— EXERCISE DETAILS —
In the records below, find the line containing "Carne de res, champiñones" and print it and every line after it exactly, through the end. Skip pictures.

--- --- ---

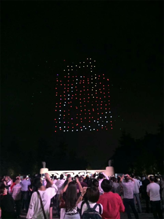 航展期间还有一个节目在德阳上演,那就是由近千架无人机组成的无人机编队表演“千机变”。无人机编队飞舞在德阳上空,伴随着五彩斑斓的灯光,编队组成熊猫、四川等图案。一幅幅由无人机星星点点的灯光汇聚成的精美图案画在德阳的夜夜空上,通过媒体传播在网络成“刷屏之势”。
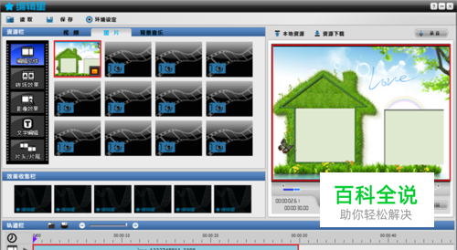 在编辑星画中画中漂亮的背景图片很重要,用户可以通过编辑星软件自己制作出有创意的背景图片。用户可以在图片上加上影像效果,也可以加上文字。 下面我做一个例子,首先我在素材库中找出一张房子的图片导入到编辑星软件中。做为背景图片,图片播放时间是根据自己的需要设定的,当然长了没关系,可以截嘛!短了就麻烦了,所以我在环境设定中把背景图片的播放时间调成了30秒,用户可以根据自己的需要进行调整。
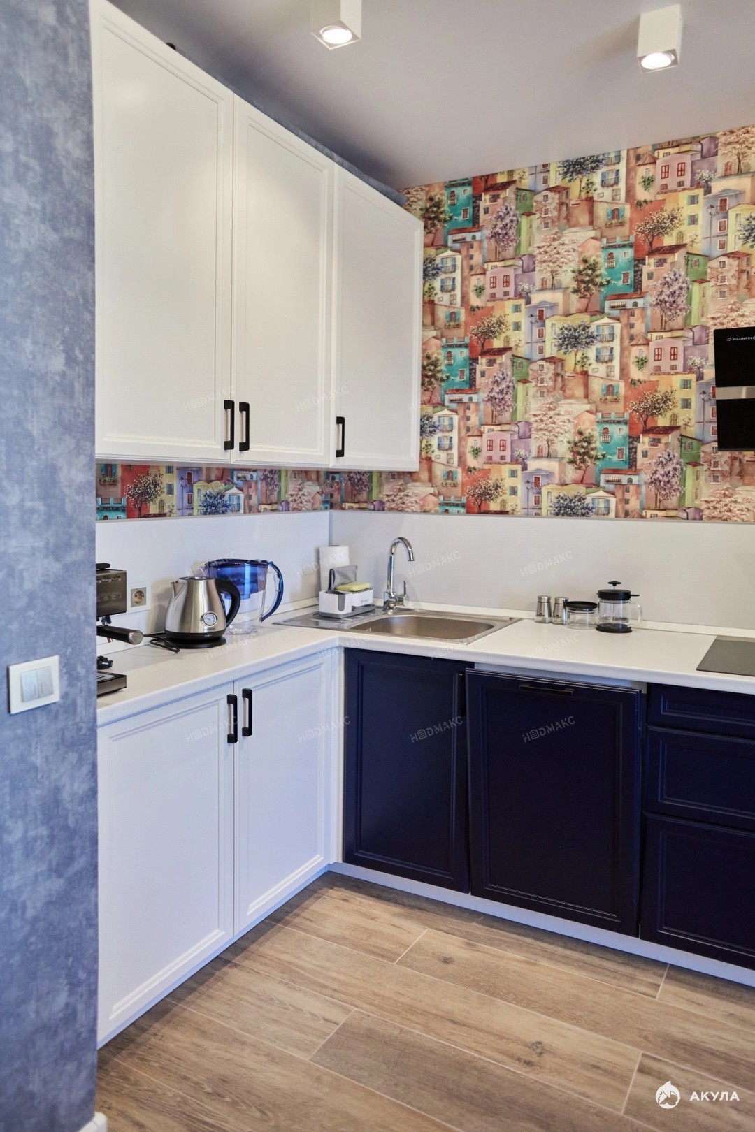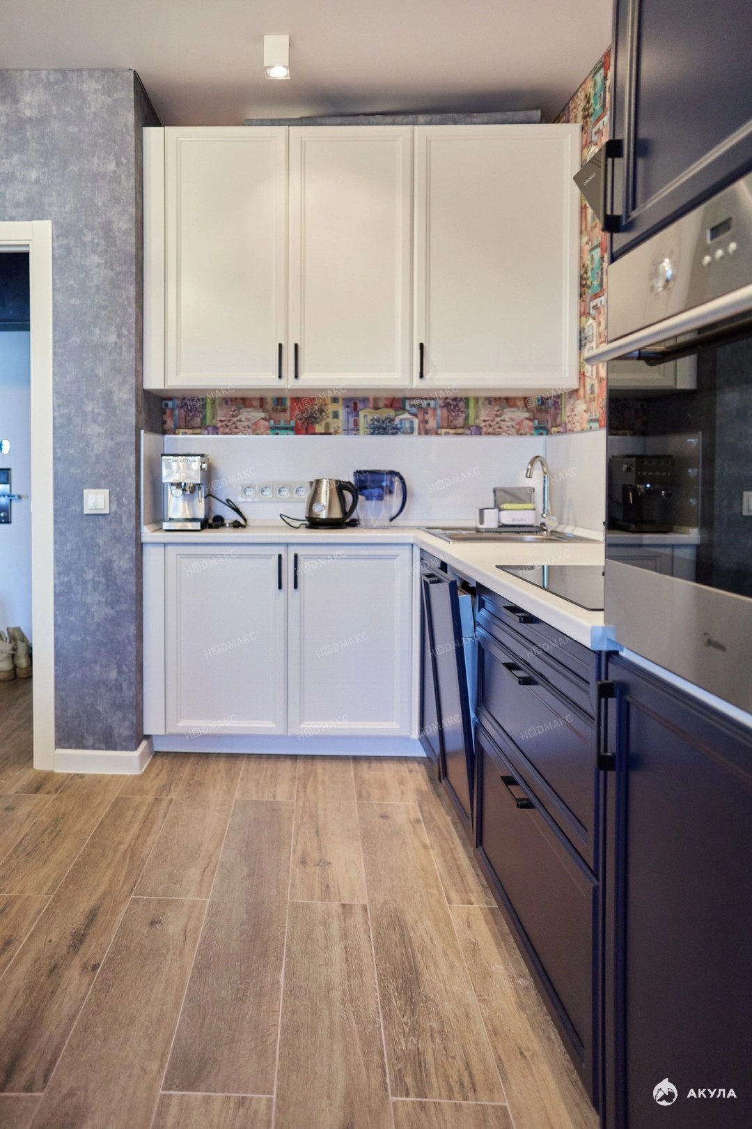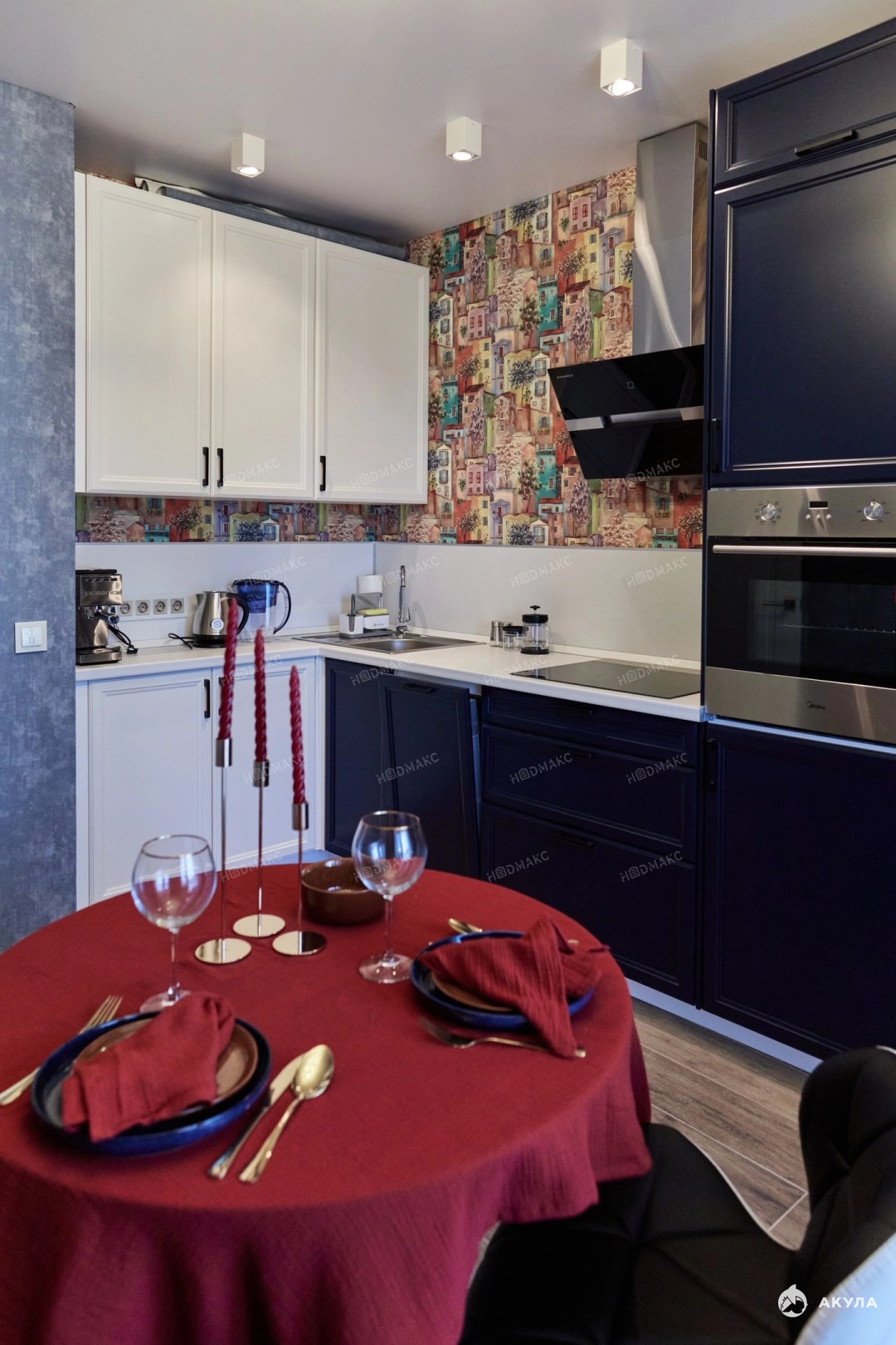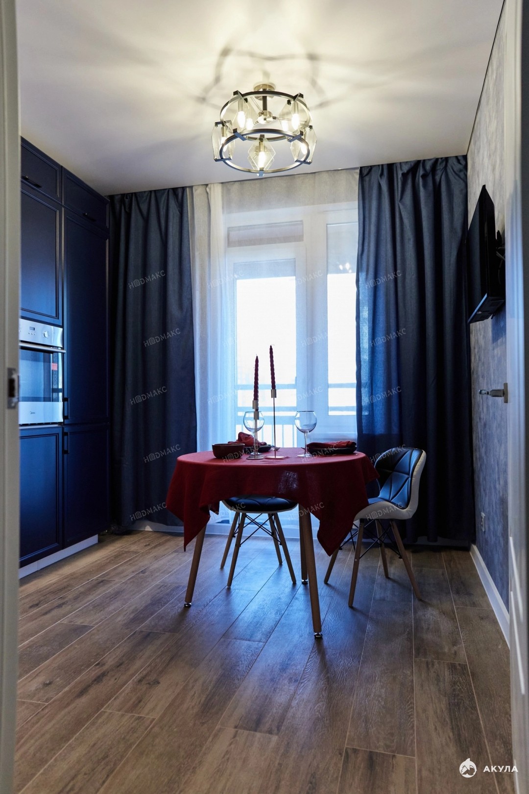 • Полностью оборудованная кухня с техникой: стиральной и посудомоечной машинами, духовым шкафом, варочной панелью и холодильником.
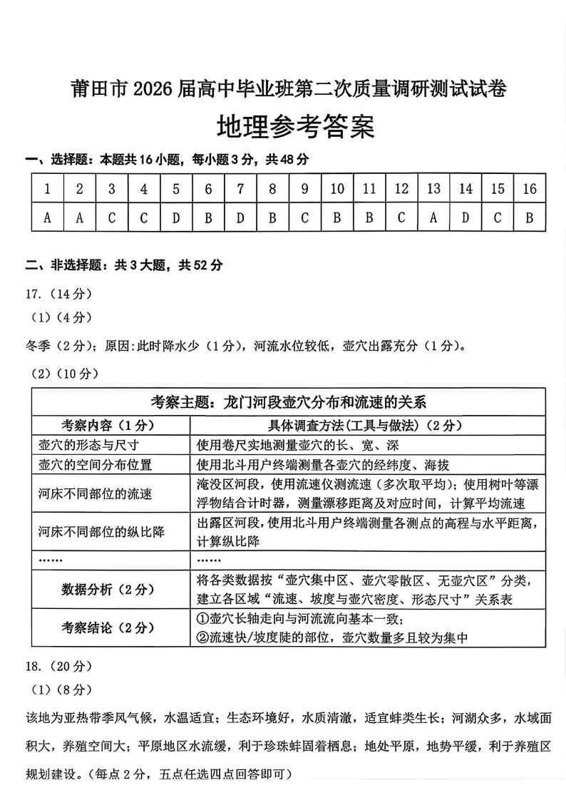 莆田市2026届高中毕业班第二次质量调研测试试卷 地理答案.pdf
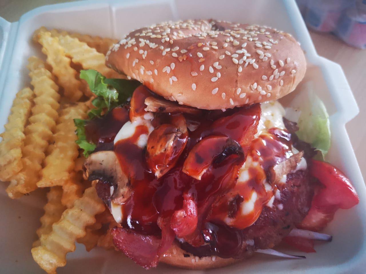 Carne de res, champiñones preparados, tocino, salsa especial y queso asadero, con papas a la francesa o ensalada.
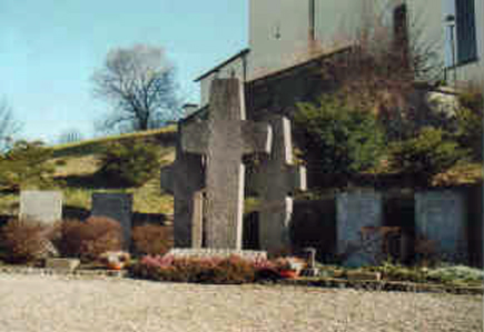 Denkmal nordwestlich der Pfarrkirche Maria Himmelfahrt; vier Gedenktafeln, in der Mitte
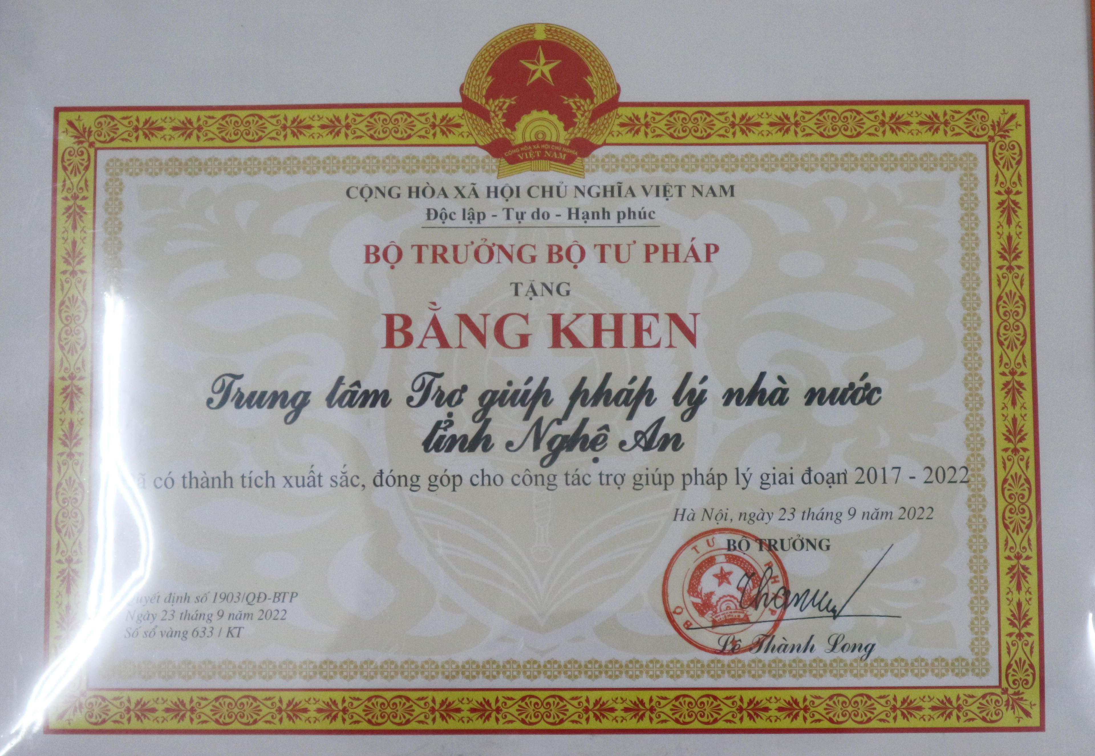 Trung tâm đã 3 lần được Bộ trưởng Bộ Tư pháp tặng Bằng khen. |
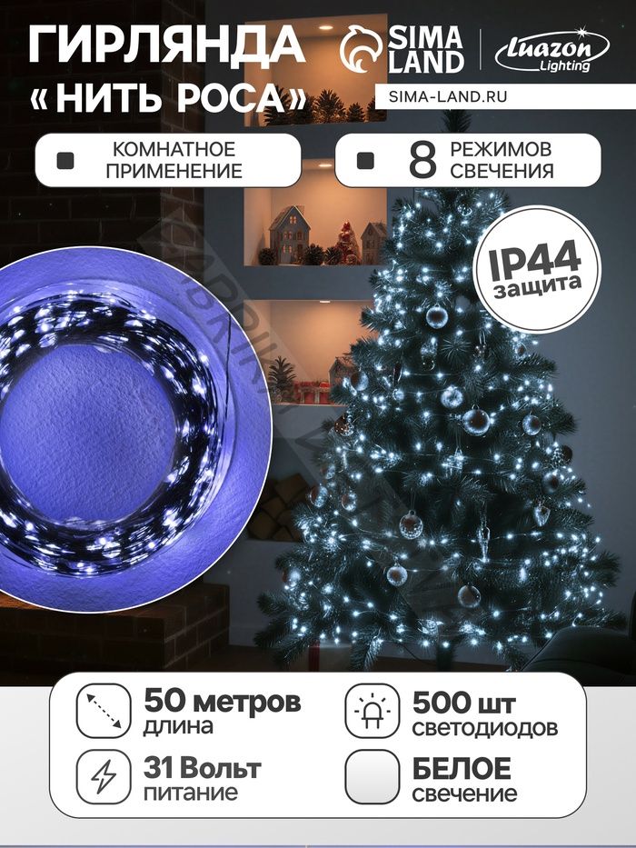 Гирлянда «Нить» 50 м роса, IP44, зелёная нить, 500 LED, свечение белое, 8 режимов, 31 В

--- --- ---

— WRITTEN RESPONSE —
 Carne de res, champiñones preparados, tocino, salsa especial y queso asadero, con papas a la francesa o ensalada.
 Denkmal nordwestlich der Pfarrkirche Maria Himmelfahrt; vier Gedenktafeln, in der Mitte
 Trung tâm đã 3 lần được Bộ trưởng Bộ Tư pháp tặng Bằng khen. |
 Гирлянда «Нить» 50 м роса, IP44, зелёная нить, 500 LED, свечение белое, 8 режимов, 31 В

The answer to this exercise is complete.